I hope this shows a bit of the issues these fillwords can cause and how to solve them.
Kind regards,
Erwin van Londen
Hi Erwin,
Where did u get the official standards for the chart above regarding the fill modes? Do you have any links?
Hi,
These are based upon the official FC standards. You may see vendors advising differently especially when it comes to mode 3 and 2.
Hi,
I’ve got 3 HDS G1000 with 8gb ports .. what is the best practice for fillword please ?
Stef.
Hi Stef,
As per T11 fibre-channel standard the switch-ports on a 8G switch (DCX/DCX-4s or any Goldeneye2/Condor2 based switch) connected to any HDS array should be set to mode 2.
Hope this helps.
I’m seeing mass errors across my Brocade encryption switches currently all ports are set to 0 idle/ildle. The problem we are seeing is when a cfgenable is run some of the esx hosts see their storage connections become unstable. To recover the issue the port is disabled and the device recovers on the other connections to the SAN. Currently the storage is all HDS (vsp and hus) the major issue appears to be with the HUS as connections stay alive to the VSP.

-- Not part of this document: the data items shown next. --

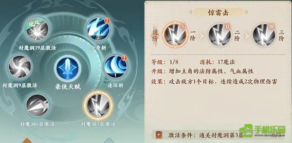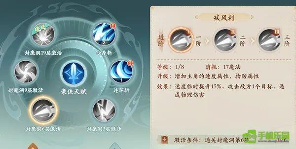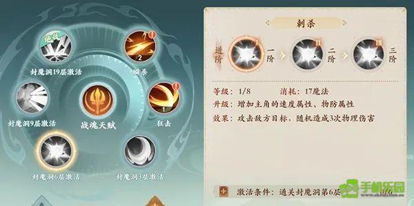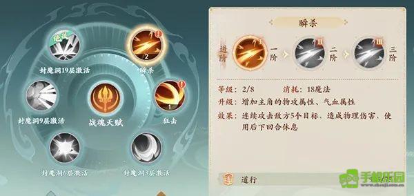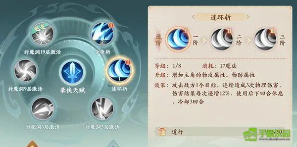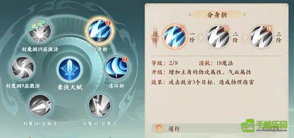 1技能:分身斩,组3目标。 (2级:增加1个目标,3级:技能伤害效果额外增加10%)
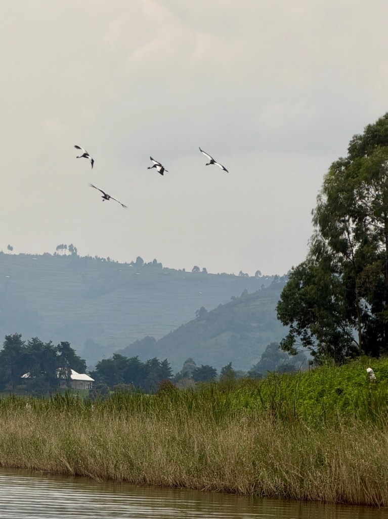 Na twee uur rijden komen we bij lake bunyonyi, het is een kratermeer met diverse eilanden. Het is 25 km lang en 9 km breed. Het is heel diep en erg koud. We gaan met een bootje naar de overkant. Het zou een vogel en vlinderparadijs moeten zijn.
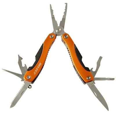 Мультитул рибальський Select SL-MT01 - універсальний інструмент, який допоможе вирішити деякі завдання зі снастями, побутом або обладнанням під час знаходження на природі. Він складається з плоскогубців із розтисканням для заводних кілець, кусачками та пристосуванням для обтискання трубок під час виготовлення повідців. Крім цього, в ручках знаходяться додаткові складні інструменти: ніж класичний та ніж із зубчастим лезом, компактний напилок, відкривалки для пляшок, викрутки – шліцеві та хрестові, а також шило. Інструмент виконаний із міцної нержавіючої сталі, яка не втратити свого зовнішнього вигляду навіть після частих контактів із водою. Для перенесення мультитул компактно складається, тому не буде займати багато місця в рибальській сумці або в ящику та може завжди знаходитися під рукою для виконання різних завдань. витягнута форма для вилучення гачка з пащі риби; розжим для заводних кілець; кусачки для обрізання волосіні або шнура; пристрій для фіксації обтискних трубок на повідцях; ; - компактний напилок; - відкривалки для пляшок; - дві шліцеві викрутки та одна хрестова; - потужне шило; - підпружинені рукоятки; - компактні розміри у складеному вигляді для зручності транспортування.
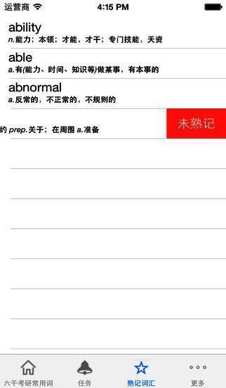 《灵灵单词》是一款专门用于外语学习的软件,收集了约6000个考试常用词汇,帮助您学习单词。本软件会帮您把记熟悉的软件跳出来不再复习,把精力全部都放在仍未熟记的单词上面,避免浪费时间和精力。
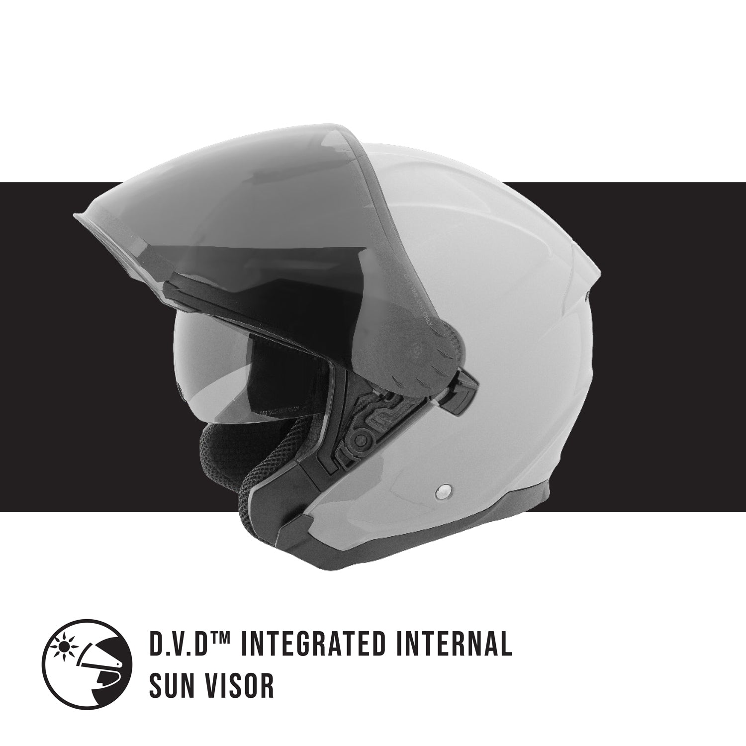 The Solid RKT-70 Series open face jet motorcycle helmet from Joe Rocket Canada® is built with an A.T.P.A.™ Advanced Thermo-Poly Alloy shell that meets or exceeds ECE 22-06 standards. The helmet fits an intermediate oval head shape and includes removable, washable Dry-Tech® moisture wicking liners and cheek pads.
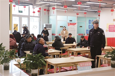如今,幸福食堂跳出了“打饭窗口”的单一标签,不再仅仅满足单一的饮食属性,还增加了更多的社交元素。每天上午开餐前半小时是“幸福食堂+”小课堂。反诈防骗、养生科普、象棋教学、理财指南……天天有新主题,老人们一边等着开饭,一边听着课、聊着天,时光悄然变得饱满。
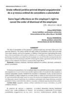 Unele reflecţii juridice privind dreptul angajatorului de a-şi revoca ordinul de concediere a salariatului În literatura de specialitate a fost acreditată ideea revocabilităţii actelor juridice unilaterale ale angajatorului. În acest articol este elucidat regimul juridic al revocării de către angajator a ordinului (dispoziţiei, deciziei, hotărârii) de concediere a salariatului. În plus, au fost scoase în relief condiţiile ce trebuie îndeplinite cumulativ pentru a valida un asemenea act de revocare. În urma cercetărilor efectuate, autorii au ajuns la concluzia că angajatorul poate revoca ordinul (dispoziţia, decizia, hotărârea) de concediere a salariatului doar după obţinerea acordului prealabil în formă scrisă al fostului salariat, revocarea unilaterală neproducând efecte juridice.
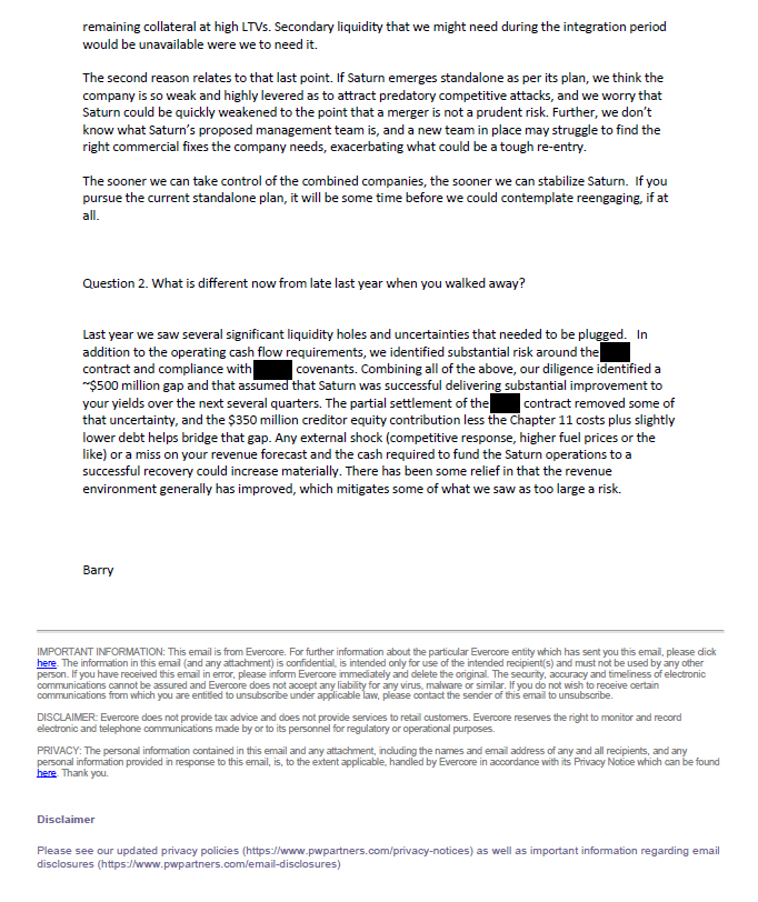 remaining collateral at high LTVs. Secondary liquidity that we might need during the integration period would be unavailable were we to need it. The second reason relates to that last point. If Saturn emerges standalone as per its plan, we think the company is so weak and highly levered as to attract predatory competitive attacks, and we worry that Saturn could be quickly weakened to the point that a merger is not a prudent risk. Further, we don’t know what Saturn’s proposed management team is, and a new team in place may struggle to find the right commercial fixes the company needs, exacerbating what could be a tough re - entry. The sooner we can take control of the combined companies, the sooner we can stabilize Saturn . If you pursue the current standalone plan, it will be some time before we could contemplate reengaging, if at all . Question 2. What is different now from late last year when you walked away? Last year we saw several significant liquidity holes and uncertainties that needed to be plugged. In addition to the operating cash flow requirements, we identified substantial risk around the contract and compliance with covenants. Combining all of the above, our diligence identified a ~$500 million gap and that assumed that Saturn was successful delivering substantial improvement to your yields over the next several quarters. The partial settlement of the contract removed some of that uncertainty, and the $350 million creditor equity contribution less the Chapter 11 costs plus slightly lower debt helps bridge that gap. Any external shock (competitive response, higher fuel prices or the like) or a miss on your revenue forecast and the cash required to fund the Saturn operations to a successful recovery could increase materially. There has been some relief in that the revenue environment generally has improved, which mitigates some of what we saw as too large a risk. Barry IMPORTANT INFORMATION: This email is from Evercore. For further information about the particular Evercore entity which has sent you this email, please click here . The information in this email (and any attachment) is confidential, is intended only for use of the intended recipient(s) and must not be used by any other person. If you have received this email in error, please inform Evercore immediately and delete the original. The security, accuracy and ti meliness of electronic communications cannot be assured and Evercore does not accept any liability for any virus, malware or similar. If you do not wish to receive certain communications from which you are entitled to unsubscribe under applicable law, please contact the sender of this email to unsubscribe. DISCLAIMER: Evercore does not provide tax advice and does not provide services to retail customers. Evercore reserves the right to monitor and record electronic and telephone communications made by or to its personnel for regulatory or operational purposes. PRIVACY: The personal information contained in this email and any attachment, including the names and email address of any and all recipients, and any personal information provided in response to this email, is, to the extent applicable, handled by Evercore in accordance with its Privacy Notice which can be found here . Thank you. Disclaimer Please see our updated privacy policies (http s://www.pwpartners.com/privacy - notic es) as well as important information regarding email disclosures (htt ps://www.pwp art ners.com/email - d i sclosures) 3
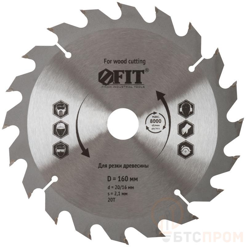 Диск пильный для циркулярных пил по дереву 160х20/16х20T FIT 37727 фото в каталоге от BTSprom.by
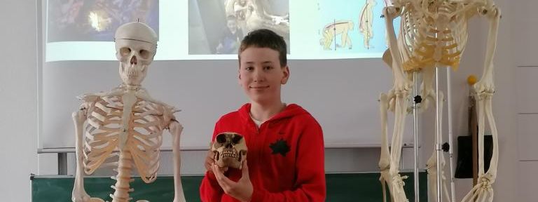 Stellt sich den Ur-Fragen der Menschheit: Magnus Kindermann, aus der Klasse 6c, klärt über die Entstehung des homo sapiens auf.
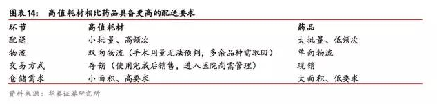 高值耗材的使用個(gè)性化要求高(依患者的具體情況而定),每個(gè)產(chǎn)品所涉及的類(lèi)別及型號(hào) 都非常多(更新迭代也很快),而且直到手術(shù)過(guò)程中才會(huì)確定,所以說(shuō)相比藥品流通,高 值 耗材的 流通配 送專(zhuān)業(yè) 性、壁壘 性更高: 小批量、高 頻次;循 環(huán)反復(fù) 雙向物 流(醫(yī)院 備貨 少,手術(shù)多余品種運(yùn)回);存銷(xiāo)(使用完成后實(shí)現(xiàn)銷(xiāo)售,耗材進(jìn)醫(yī)院后尚需管理)。
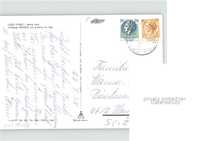 old postcard Lago di Iseo Albergo Sensole con giardino sul lago postalisch gelaufen Erhaltung siehe scans
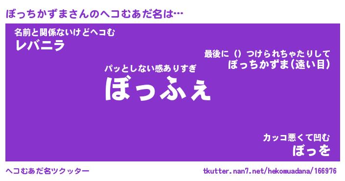 | ヒーロー風カッコイイあだ名 | 『スーパーボッチカズマ』『幻影騎士ボッ』 |
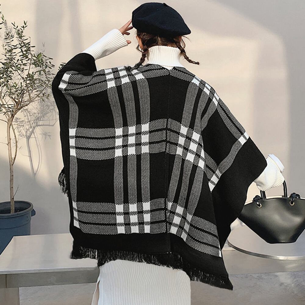 クラシカルなデザインで大人の女性向、上品で女性らしいチェック柄ケープ
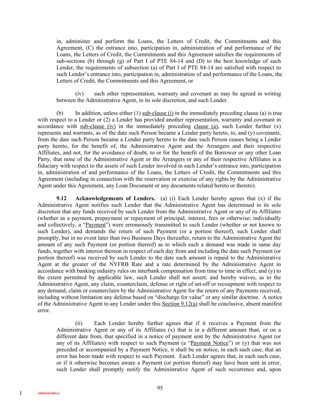 in, administer and perform the Loans, the Letters of Credit, the Commitments and this Agreement, (C) the entrance into, participation in, administration of and performance of the Loans, the Letters of Credit, the Commitments and this Agreement satisfies the requirements of sub-sections (b) through (g) of Part I of PTE 84-14 and (D) to the best knowledge of such Lender, the requirements of subsection (a) of Part I of PTE 84-14 are satisfied with respect to such Lender’s entrance into, participation in, administration of and performance of the Loans, the Letters of Credit, the Commitments and this Agreement, or (iv) such other representation, warranty and covenant as may be agreed in writing between the Administrative Agent, in its sole discretion, and such Lender. (b) In addition, unless either (1) sub-clause (i) in the immediately preceding clause (a) is true with respect to a Lender or (2) a Lender has provided another representation, warranty and covenant in accordance with sub-clause (iv) in the immediately preceding clause (a), such Lender further (x) represents and warrants, as of the date such Person became a Lender party hereto, to, and (y) covenants, from the date such Person became a Lender party hereto to the date such Person ceases being a Lender party hereto, for the benefit of, the Administrative Agent and the Arrangers and their respective Affiliates, and not, for the avoidance of doubt, to or for the benefit of the Borrower or any other Loan Party, that none of the Administrative Agent or the Arrangers or any of their respective Affiliates is a fiduciary with respect to the assets of such Lender involved in such Lender’s entrance into, participation in, administration of and performance of the Loans, the Letters of Credit, the Commitments and this Agreement (including in connection with the reservation or exercise of any rights by the Administrative Agent under this Agreement, any Loan Document or any documents related hereto or thereto). 9.12 Acknowledgements of Lenders. (a) (i) Each Lender hereby agrees that (x) if the Administrative Agent notifies such Lender that the Administrative Agent has determined in its sole discretion that any funds received by such Lender from the Administrative Agent or any of its Affiliates (whether as a payment, prepayment or repayment of principal, interest, fees or otherwise; individually and collectively, a “Payment”) were erroneously transmitted to such Lender (whether or not known to such Lender), and demands the return of such Payment (or a portion thereof), such Lender shall promptly, but in no event later than two Business Days thereafter, return to the Administrative Agent the amount of any such Payment (or portion thereof) as to which such a demand was made in same day funds, together with interest thereon in respect of each day from and including the date such Payment (or portion thereof) was received by such Lender to the date such amount is repaid to the Administrative Agent at the greater of the NYFRB Rate and a rate determined by the Administrative Agent in accordance with banking industry rules on interbank compensation from time to time in effect, and (y) to the extent permitted by applicable law, such Lender shall not assert, and hereby waives, as to the Administrative Agent, any claim, counterclaim, defense or right of set-off or recoupment with respect to any demand, claim or counterclaim by the Administrative Agent for the return of any Payments received, including without limitation any defense based on “discharge for value” or any similar doctrine. A notice of the Administrative Agent to any Lender under this Section 9.12(a) shall be conclusive, absent manifest error. (ii) Each Lender hereby further agrees that if it receives a Payment from the Administrative Agent or any of its Affiliates (x) that is in a different amount than, or on a different date from, that specified in a notice of payment sent by the Administrative Agent (or any of its Affiliates) with respect to such Payment (a “Payment Notice”) or (y) that was not preceded or accompanied by a Payment Notice, it shall be on notice, in each such case, that an error has been made with respect to such Payment. Each Lender agrees that, in each such case, or if it otherwise becomes aware a Payment (or portion thereof) may have been sent in error, such Lender shall promptly notify the Administrative Agent of such occurrence and, upon 95 1006836498v2
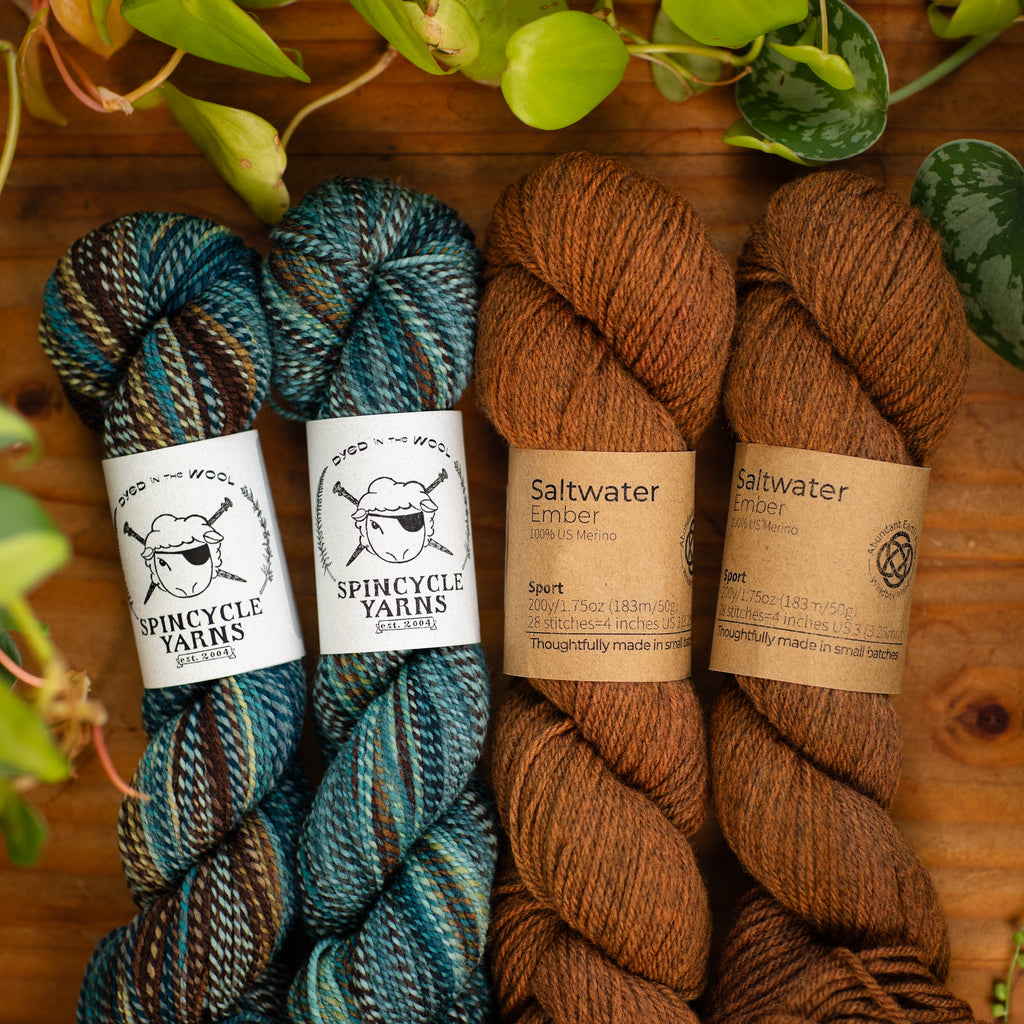 DYED IN THE WOOL • sport weight • 100% superwash American wool • 200 yards per skein • hand wash cold, lay flat to dry • MADE IN THE USA • SPUN & DYED IN WA
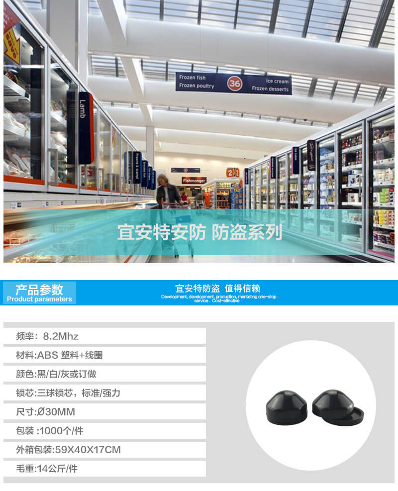 采購:防盜標簽中心圓 RF服裝防盜扣陶30
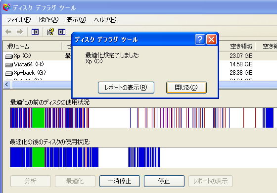 「最適化が完了しました」という表示がされ、デフラグの状態が表示されます。デフラグ前と比べるとかなりすっきりした状態になりました。

We are planning to change the HDs devices to portcfgfillword 2 and the ESX hosts to 3. Is this a red herring or are we following the right path. any advice appreciated.
Thanks
Hi Tony,
In order to rule out incorrect fillwords having an effect you should set them according to manufacturers guidelines. You didn’t really specify WHICH errors you see as a bad-ordered-set is not necessarily a hard error but it can have a negative effect which then results in these hard errors.
Let me know how it goes.
Regards,
Erwin
hey Erwin the only error we are seeing is “er_bad_os 730762736 Invalid ordered set” the stat was cleared on Thursday last week and is happening on 20 ports on the switch and seem to be about 1 billion per port/day. We are working to fix them and should have them done by the end of the week.
Yes, that is the expected counter to ramp up when an invalid fill-word is set. If you set the correct fillword as I described these will stop to accumulate.